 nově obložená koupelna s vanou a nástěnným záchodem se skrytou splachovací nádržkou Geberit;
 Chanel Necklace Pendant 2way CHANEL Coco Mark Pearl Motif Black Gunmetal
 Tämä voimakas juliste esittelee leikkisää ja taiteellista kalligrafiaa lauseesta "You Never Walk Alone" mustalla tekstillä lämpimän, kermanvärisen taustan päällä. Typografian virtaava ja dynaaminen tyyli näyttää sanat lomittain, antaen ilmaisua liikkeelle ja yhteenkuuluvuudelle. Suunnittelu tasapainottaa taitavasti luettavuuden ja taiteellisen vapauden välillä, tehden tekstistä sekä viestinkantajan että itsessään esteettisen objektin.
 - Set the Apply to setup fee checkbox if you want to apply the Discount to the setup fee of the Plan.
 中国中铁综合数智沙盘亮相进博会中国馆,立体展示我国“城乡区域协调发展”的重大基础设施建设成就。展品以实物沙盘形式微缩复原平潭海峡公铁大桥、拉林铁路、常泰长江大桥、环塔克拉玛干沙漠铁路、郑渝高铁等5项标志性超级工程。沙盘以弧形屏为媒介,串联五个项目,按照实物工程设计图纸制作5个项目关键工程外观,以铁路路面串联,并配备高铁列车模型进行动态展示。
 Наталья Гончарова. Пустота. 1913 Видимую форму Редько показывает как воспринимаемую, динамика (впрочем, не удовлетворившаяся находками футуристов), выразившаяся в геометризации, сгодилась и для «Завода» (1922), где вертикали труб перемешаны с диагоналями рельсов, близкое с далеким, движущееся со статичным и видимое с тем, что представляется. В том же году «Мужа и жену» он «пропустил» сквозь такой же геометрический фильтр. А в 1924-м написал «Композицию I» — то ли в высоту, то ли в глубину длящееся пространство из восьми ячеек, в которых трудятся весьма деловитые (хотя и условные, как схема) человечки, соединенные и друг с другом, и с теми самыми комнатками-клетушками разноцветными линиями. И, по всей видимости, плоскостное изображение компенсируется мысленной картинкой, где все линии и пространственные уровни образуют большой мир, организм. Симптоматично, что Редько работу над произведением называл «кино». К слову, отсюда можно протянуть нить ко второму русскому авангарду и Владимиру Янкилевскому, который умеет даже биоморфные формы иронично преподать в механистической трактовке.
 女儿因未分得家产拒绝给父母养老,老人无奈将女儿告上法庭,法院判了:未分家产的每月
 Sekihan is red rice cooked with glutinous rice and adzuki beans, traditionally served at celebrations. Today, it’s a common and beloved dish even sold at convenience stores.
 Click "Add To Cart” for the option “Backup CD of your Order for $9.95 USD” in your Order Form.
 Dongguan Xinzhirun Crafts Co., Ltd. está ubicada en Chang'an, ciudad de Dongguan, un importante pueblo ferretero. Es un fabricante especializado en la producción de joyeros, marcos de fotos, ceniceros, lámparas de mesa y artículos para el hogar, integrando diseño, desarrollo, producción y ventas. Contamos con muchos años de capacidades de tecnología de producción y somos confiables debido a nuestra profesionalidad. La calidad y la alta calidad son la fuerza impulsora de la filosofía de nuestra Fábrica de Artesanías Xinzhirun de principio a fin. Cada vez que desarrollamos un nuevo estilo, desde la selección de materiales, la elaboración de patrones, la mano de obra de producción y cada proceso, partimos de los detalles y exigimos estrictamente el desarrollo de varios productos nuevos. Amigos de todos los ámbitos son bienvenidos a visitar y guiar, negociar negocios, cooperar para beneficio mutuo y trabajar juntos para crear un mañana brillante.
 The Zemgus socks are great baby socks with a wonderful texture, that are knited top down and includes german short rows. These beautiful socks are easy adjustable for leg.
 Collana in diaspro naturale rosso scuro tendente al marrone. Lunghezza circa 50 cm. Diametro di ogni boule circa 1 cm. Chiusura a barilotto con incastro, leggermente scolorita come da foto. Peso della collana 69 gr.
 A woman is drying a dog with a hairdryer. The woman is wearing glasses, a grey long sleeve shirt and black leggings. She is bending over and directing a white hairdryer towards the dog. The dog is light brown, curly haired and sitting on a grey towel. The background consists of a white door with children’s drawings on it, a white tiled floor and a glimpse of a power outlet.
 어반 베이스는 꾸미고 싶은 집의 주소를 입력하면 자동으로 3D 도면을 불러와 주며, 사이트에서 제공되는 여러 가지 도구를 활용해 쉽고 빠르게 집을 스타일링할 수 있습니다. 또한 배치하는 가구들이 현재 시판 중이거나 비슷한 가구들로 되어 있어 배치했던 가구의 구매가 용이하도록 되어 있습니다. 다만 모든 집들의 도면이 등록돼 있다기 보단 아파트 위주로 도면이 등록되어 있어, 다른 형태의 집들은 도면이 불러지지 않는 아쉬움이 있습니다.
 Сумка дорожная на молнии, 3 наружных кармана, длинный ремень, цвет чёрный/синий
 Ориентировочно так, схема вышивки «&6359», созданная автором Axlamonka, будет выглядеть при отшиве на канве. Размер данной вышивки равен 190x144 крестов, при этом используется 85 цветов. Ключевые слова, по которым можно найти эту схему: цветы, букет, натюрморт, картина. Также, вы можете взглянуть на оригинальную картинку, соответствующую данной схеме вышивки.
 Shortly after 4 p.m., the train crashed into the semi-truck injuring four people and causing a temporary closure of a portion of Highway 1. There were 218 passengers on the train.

Activity: Restate the listing word for word, but only from its first line through the line with "中国中铁综合数智沙盘亮相进博", keeping both end lines.

Response for this exercise:
 nově obložená koupelna s vanou a nástěnným záchodem se skrytou splachovací nádržkou Geberit;
 Chanel Necklace Pendant 2way CHANEL Coco Mark Pearl Motif Black Gunmetal
 Tämä voimakas juliste esittelee leikkisää ja taiteellista kalligrafiaa lauseesta "You Never Walk Alone" mustalla tekstillä lämpimän, kermanvärisen taustan päällä. Typografian virtaava ja dynaaminen tyyli näyttää sanat lomittain, antaen ilmaisua liikkeelle ja yhteenkuuluvuudelle. Suunnittelu tasapainottaa taitavasti luettavuuden ja taiteellisen vapauden välillä, tehden tekstistä sekä viestinkantajan että itsessään esteettisen objektin.
 - Set the Apply to setup fee checkbox if you want to apply the Discount to the setup fee of the Plan.
 中国中铁综合数智沙盘亮相进博会中国馆,立体展示我国“城乡区域协调发展”的重大基础设施建设成就。展品以实物沙盘形式微缩复原平潭海峡公铁大桥、拉林铁路、常泰长江大桥、环塔克拉玛干沙漠铁路、郑渝高铁等5项标志性超级工程。沙盘以弧形屏为媒介,串联五个项目,按照实物工程设计图纸制作5个项目关键工程外观,以铁路路面串联,并配备高铁列车模型进行动态展示。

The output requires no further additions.